YOUR INSTRUCTIONS
Your task is to return all the entries below exactly, with every picture omitted.

Saved data entries
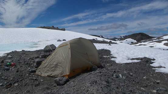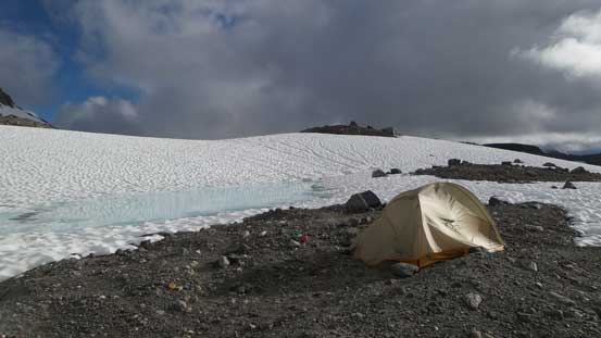 This was also the first time we had sights on our mighty objective – still looking terribly far away so we had to keep plodding. Down into the north side was easy on softened snow and then we picked up the set of tracks again traversing sideways across a couple more bowls. The difference is now we were entirely on snow rather than a mix of grass and snow. The recommended bivy site was right at Glacier Gap but we figured it’s not necessary. We came across a pretty damn good spot about one mile before Glacier Gap and in fact, another party had pitched their tent there. We did the same for simple reason to save 2 extra miles of hauling heavy loads. At this point we were doing pretty good on time so we actually spent that half an hour setting up camp and meanwhile, taking a necessary energy break.
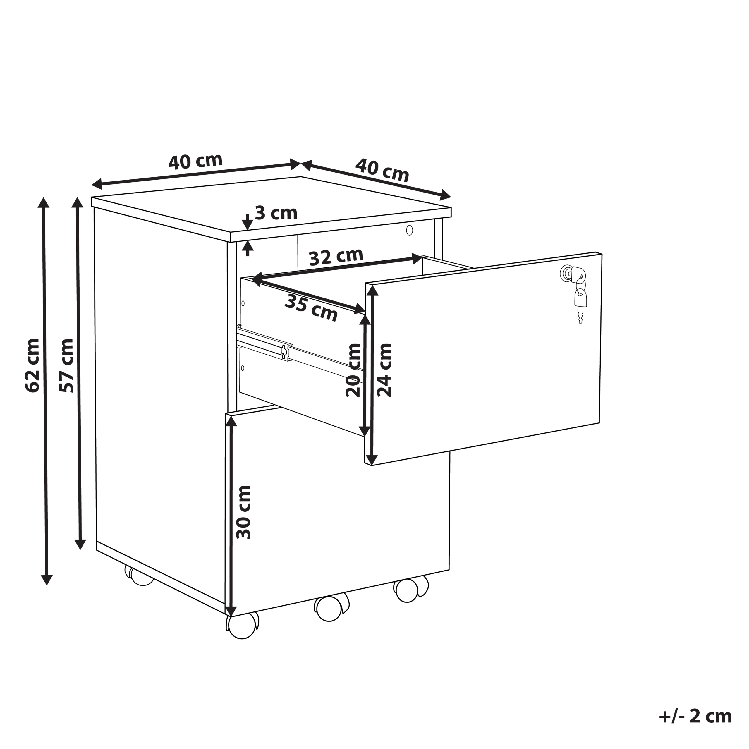 Lukittava säilytyslaatikosto. Nauti toimivasta eleganssista missä tahansa tällä käytännöllisellä laatikostolla, joka sopii erinomaisesti sekä kotitoimistoon että olohuoneeseen. Klassisen valkoinen viimeistely tuo tilaan skandinaavista hienostuneisuutta. Kaksi tilavaa laatikkoa, joista toinen on lukittavissa, tarjoavat paikan asiakirjoille tai muille toimistotarvikkeille. Sulavasti rullaavat pyörät mahdollistavat helpon siirtelyn tarpeen mukaan. Laatikosto tuo työtilaan saumattoman yhdistelmän tyyliä ja mukavuutta.
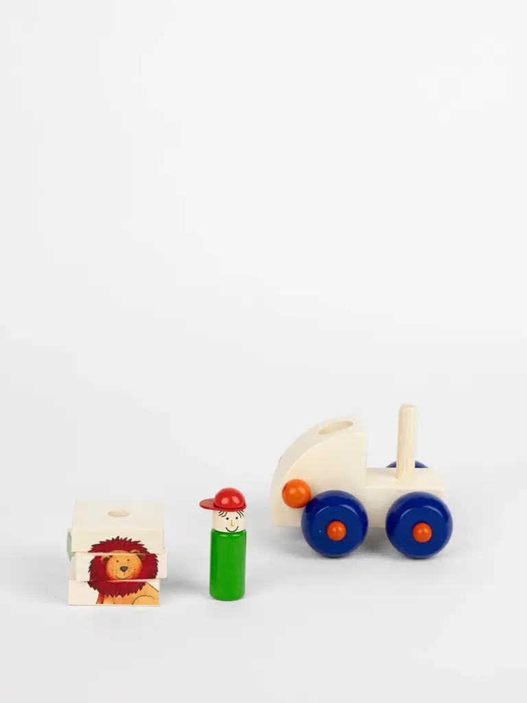 Dieses nachhaltige Holzspielzeug von Weizenkorn bietet jede Menge zu Entdecken. Ob das Zusammensetzen der Bausteine mit Tiermotiven, die herausnehmbare Figur oder die sich drehenden Scheinwerfer – das Fahrzeug aus Holz garantiert langanhaltenden Spielspaß. Durch das Rollen und Stapeln werden kognitive und motorische Fähigkeiten von Kindern ab einem Jahr spielerisch geschult.
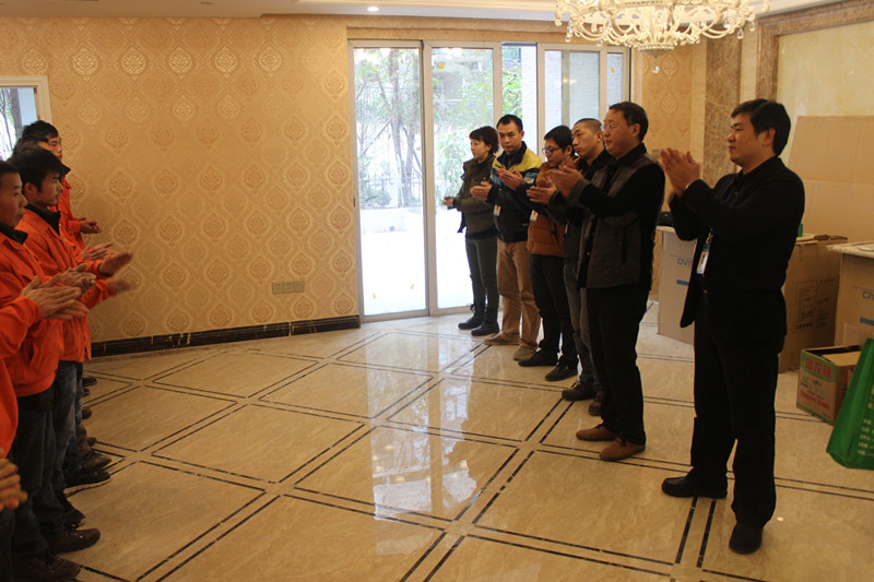 張總在會上肯定了一線員工的工作,向我們的員工表示感謝,把掌聲獻給我們的泥水工師傅們
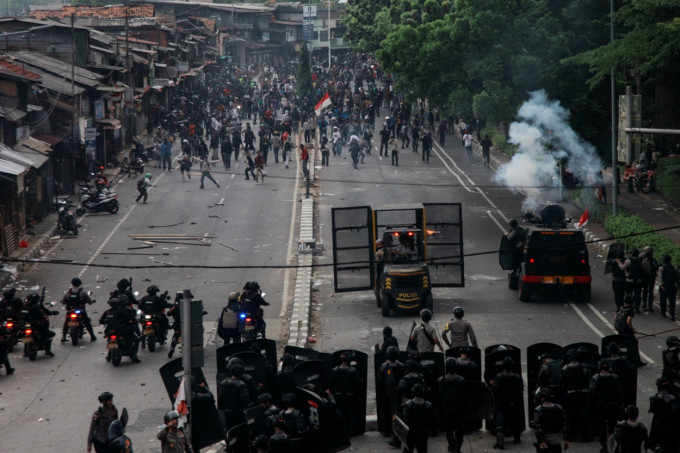 2025년 8월 25일, 사회 각계각층에서 모인 시위대가 자카르타에서 국회 하원(DPR) 해산을 요구하는 시위를 하던 중 경찰과 충돌했다.(사진=자카르타경제신문/Aditya)
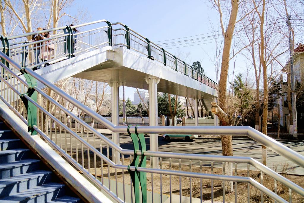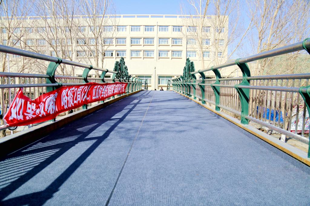 过街天桥为校园内部连接通道,有效解决了跨越两校区师生安全顺畅通行的难题,消除了师生过街的安全隐患,实现了校园闭环管理,成为学校新地标建筑之一,“跨街桥”变成了“连心桥”,打通了服务师生最后一公里,进一步增强了师生的获得感幸福感安全感。
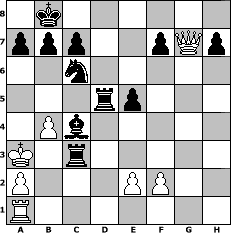 game notation in PGN-format [Event "F"] [Site "www.myChess.de"] [Date "2017.08.16"] [Round "1"] [White "augustus"] [Black "Erich"] [ECO "C20"] [WhitemyELO "1214"] [BlackmyELO "2162"] [Result "0-1"] [TimeControl "10/2592000"] [WhiteDays "87"] [BlackDays "90"] [MyChessNo "109188"] 1. e4 e5 2. d3 Nc6 3. Nf3 Nf6 4. Bg5 Be7 5. c3 d5 6. h3 dxe4 7. Bxf6 exf3 8. Bxe7 fxg2 9. Bxd8 gxh1=Q 10. Bh4 Bxh3 11. Kd2 Bxf1 12. Bg3 O-O-O 13. Qg4+ Kb8 14. Na3 Rxd3+ 15. Kc2 Rhd8 16. Nc4 Rxg3 17. Qxg3 Qe4+ 18. Kb3 Bxc4+ 19. Ka3 Rd5 20. b4 Qc2 21. Qxg7 Qxc3+ 0-1 position notation in FEN-format 1k6/ppp2pQp/2n5/3rp3/1Pb5/K1r5/P3PP2/R7 - - - 0 22 Captured white pieces: Captured black pieces: Click on a captured piece in order to display the desired move!
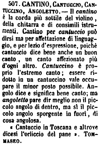 | Cantino, Cantuccio, Cantuccino, Angoletto - Il cantino è la corda più sottile del violino, della chitarra e di consimili istrumenti. Cantino per cantuccio può dirsi ma per affettazione di linguaggio, e per lezio d'espressione, poichè cantuccio dice bene anche un buon canto, un canto affezionato più d'ogni altro. Cantuccino è proprio l'estremo canto; essere ridotto in un cantuccino vale occupare il minor posto possibile. Angolo dice e significa bene canto; ma angoletto pare dir meglio non il piccolo angolo di dentro, ma sì il piccolo angolo sporgente in fuori, di cosa angolosa.

RESPONSE TO THIS TASK
 This was also the first time we had sights on our mighty objective – still looking terribly far away so we had to keep plodding. Down into the north side was easy on softened snow and then we picked up the set of tracks again traversing sideways across a couple more bowls. The difference is now we were entirely on snow rather than a mix of grass and snow. The recommended bivy site was right at Glacier Gap but we figured it’s not necessary. We came across a pretty damn good spot about one mile before Glacier Gap and in fact, another party had pitched their tent there. We did the same for simple reason to save 2 extra miles of hauling heavy loads. At this point we were doing pretty good on time so we actually spent that half an hour setting up camp and meanwhile, taking a necessary energy break.
 Lukittava säilytyslaatikosto. Nauti toimivasta eleganssista missä tahansa tällä käytännöllisellä laatikostolla, joka sopii erinomaisesti sekä kotitoimistoon että olohuoneeseen. Klassisen valkoinen viimeistely tuo tilaan skandinaavista hienostuneisuutta. Kaksi tilavaa laatikkoa, joista toinen on lukittavissa, tarjoavat paikan asiakirjoille tai muille toimistotarvikkeille. Sulavasti rullaavat pyörät mahdollistavat helpon siirtelyn tarpeen mukaan. Laatikosto tuo työtilaan saumattoman yhdistelmän tyyliä ja mukavuutta.
 Dieses nachhaltige Holzspielzeug von Weizenkorn bietet jede Menge zu Entdecken. Ob das Zusammensetzen der Bausteine mit Tiermotiven, die herausnehmbare Figur oder die sich drehenden Scheinwerfer – das Fahrzeug aus Holz garantiert langanhaltenden Spielspaß. Durch das Rollen und Stapeln werden kognitive und motorische Fähigkeiten von Kindern ab einem Jahr spielerisch geschult.
 張總在會上肯定了一線員工的工作,向我們的員工表示感謝,把掌聲獻給我們的泥水工師傅們
 2025년 8월 25일, 사회 각계각층에서 모인 시위대가 자카르타에서 국회 하원(DPR) 해산을 요구하는 시위를 하던 중 경찰과 충돌했다.(사진=자카르타경제신문/Aditya)
 过街天桥为校园内部连接通道,有效解决了跨越两校区师生安全顺畅通行的难题,消除了师生过街的安全隐患,实现了校园闭环管理,成为学校新地标建筑之一,“跨街桥”变成了“连心桥”,打通了服务师生最后一公里,进一步增强了师生的获得感幸福感安全感。
 game notation in PGN-format [Event "F"] [Site "www.myChess.de"] [Date "2017.08.16"] [Round "1"] [White "augustus"] [Black "Erich"] [ECO "C20"] [WhitemyELO "1214"] [BlackmyELO "2162"] [Result "0-1"] [TimeControl "10/2592000"] [WhiteDays "87"] [BlackDays "90"] [MyChessNo "109188"] 1. e4 e5 2. d3 Nc6 3. Nf3 Nf6 4. Bg5 Be7 5. c3 d5 6. h3 dxe4 7. Bxf6 exf3 8. Bxe7 fxg2 9. Bxd8 gxh1=Q 10. Bh4 Bxh3 11. Kd2 Bxf1 12. Bg3 O-O-O 13. Qg4+ Kb8 14. Na3 Rxd3+ 15. Kc2 Rhd8 16. Nc4 Rxg3 17. Qxg3 Qe4+ 18. Kb3 Bxc4+ 19. Ka3 Rd5 20. b4 Qc2 21. Qxg7 Qxc3+ 0-1 position notation in FEN-format 1k6/ppp2pQp/2n5/3rp3/1Pb5/K1r5/P3PP2/R7 - - - 0 22 Captured white pieces: Captured black pieces: Click on a captured piece in order to display the desired move!
 | Cantino, Cantuccio, Cantuccino, Angoletto - Il cantino è la corda più sottile del violino, della chitarra e di consimili istrumenti. Cantino per cantuccio può dirsi ma per affettazione di linguaggio, e per lezio d'espressione, poichè cantuccio dice bene anche un buon canto, un canto affezionato più d'ogni altro. Cantuccino è proprio l'estremo canto; essere ridotto in un cantuccino vale occupare il minor posto possibile. Angolo dice e significa bene canto; ma angoletto pare dir meglio non il piccolo angolo di dentro, ma sì il piccolo angolo sporgente in fuori, di cosa angolosa.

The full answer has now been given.